Your instructions
Reproduce all entries word for word.
+-------+
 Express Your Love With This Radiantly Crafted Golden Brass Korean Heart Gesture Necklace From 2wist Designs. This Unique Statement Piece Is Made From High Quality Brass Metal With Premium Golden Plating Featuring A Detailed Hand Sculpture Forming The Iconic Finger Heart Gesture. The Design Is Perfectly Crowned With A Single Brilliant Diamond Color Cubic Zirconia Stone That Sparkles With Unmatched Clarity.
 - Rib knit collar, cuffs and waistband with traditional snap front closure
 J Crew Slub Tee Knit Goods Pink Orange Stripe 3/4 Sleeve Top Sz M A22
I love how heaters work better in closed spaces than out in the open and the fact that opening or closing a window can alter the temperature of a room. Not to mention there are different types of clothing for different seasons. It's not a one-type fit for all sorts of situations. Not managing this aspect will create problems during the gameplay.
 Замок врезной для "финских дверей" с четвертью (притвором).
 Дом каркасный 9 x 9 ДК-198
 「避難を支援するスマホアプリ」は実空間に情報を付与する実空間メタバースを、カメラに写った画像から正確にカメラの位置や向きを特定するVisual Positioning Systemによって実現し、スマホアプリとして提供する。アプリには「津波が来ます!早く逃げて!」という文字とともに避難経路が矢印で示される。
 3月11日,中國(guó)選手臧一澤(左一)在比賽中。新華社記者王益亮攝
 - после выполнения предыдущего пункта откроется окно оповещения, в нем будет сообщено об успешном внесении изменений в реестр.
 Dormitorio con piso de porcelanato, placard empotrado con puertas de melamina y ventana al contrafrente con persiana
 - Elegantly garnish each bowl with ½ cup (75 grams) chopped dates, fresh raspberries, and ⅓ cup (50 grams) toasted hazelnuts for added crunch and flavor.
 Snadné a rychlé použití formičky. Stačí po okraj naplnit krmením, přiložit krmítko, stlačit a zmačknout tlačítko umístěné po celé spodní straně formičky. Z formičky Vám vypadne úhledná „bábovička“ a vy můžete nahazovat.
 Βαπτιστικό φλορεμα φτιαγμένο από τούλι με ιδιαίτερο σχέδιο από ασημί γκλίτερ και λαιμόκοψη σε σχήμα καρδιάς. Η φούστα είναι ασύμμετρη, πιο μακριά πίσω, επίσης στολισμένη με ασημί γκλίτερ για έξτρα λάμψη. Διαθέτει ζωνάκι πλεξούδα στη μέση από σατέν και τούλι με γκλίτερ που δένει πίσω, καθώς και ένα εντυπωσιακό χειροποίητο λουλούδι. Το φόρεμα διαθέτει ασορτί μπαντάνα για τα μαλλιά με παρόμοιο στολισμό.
+-------+
Written response
 Express Your Love With This Radiantly Crafted Golden Brass Korean Heart Gesture Necklace From 2wist Designs. This Unique Statement Piece Is Made From High Quality Brass Metal With Premium Golden Plating Featuring A Detailed Hand Sculpture Forming The Iconic Finger Heart Gesture. The Design Is Perfectly Crowned With A Single Brilliant Diamond Color Cubic Zirconia Stone That Sparkles With Unmatched Clarity.
 - Rib knit collar, cuffs and waistband with traditional snap front closure
 J Crew Slub Tee Knit Goods Pink Orange Stripe 3/4 Sleeve Top Sz M A22
I love how heaters work better in closed spaces than out in the open and the fact that opening or closing a window can alter the temperature of a room. Not to mention there are different types of clothing for different seasons. It's not a one-type fit for all sorts of situations. Not managing this aspect will create problems during the gameplay.
 Замок врезной для "финских дверей" с четвертью (притвором).
 Дом каркасный 9 x 9 ДК-198
 「避難を支援するスマホアプリ」は実空間に情報を付与する実空間メタバースを、カメラに写った画像から正確にカメラの位置や向きを特定するVisual Positioning Systemによって実現し、スマホアプリとして提供する。アプリには「津波が来ます!早く逃げて!」という文字とともに避難経路が矢印で示される。
 3月11日,中國(guó)選手臧一澤(左一)在比賽中。新華社記者王益亮攝
 - после выполнения предыдущего пункта откроется окно оповещения, в нем будет сообщено об успешном внесении изменений в реестр.
 Dormitorio con piso de porcelanato, placard empotrado con puertas de melamina y ventana al contrafrente con persiana
 - Elegantly garnish each bowl with ½ cup (75 grams) chopped dates, fresh raspberries, and ⅓ cup (50 grams) toasted hazelnuts for added crunch and flavor.
 Snadné a rychlé použití formičky. Stačí po okraj naplnit krmením, přiložit krmítko, stlačit a zmačknout tlačítko umístěné po celé spodní straně formičky. Z formičky Vám vypadne úhledná „bábovička“ a vy můžete nahazovat.
 Βαπτιστικό φλορεμα φτιαγμένο από τούλι με ιδιαίτερο σχέδιο από ασημί γκλίτερ και λαιμόκοψη σε σχήμα καρδιάς. Η φούστα είναι ασύμμετρη, πιο μακριά πίσω, επίσης στολισμένη με ασημί γκλίτερ για έξτρα λάμψη. Διαθέτει ζωνάκι πλεξούδα στη μέση από σατέν και τούλι με γκλίτερ που δένει πίσω, καθώς και ένα εντυπωσιακό χειροποίητο λουλούδι. Το φόρεμα διαθέτει ασορτί μπαντάνα για τα μαλλιά με παρόμοιο στολισμό.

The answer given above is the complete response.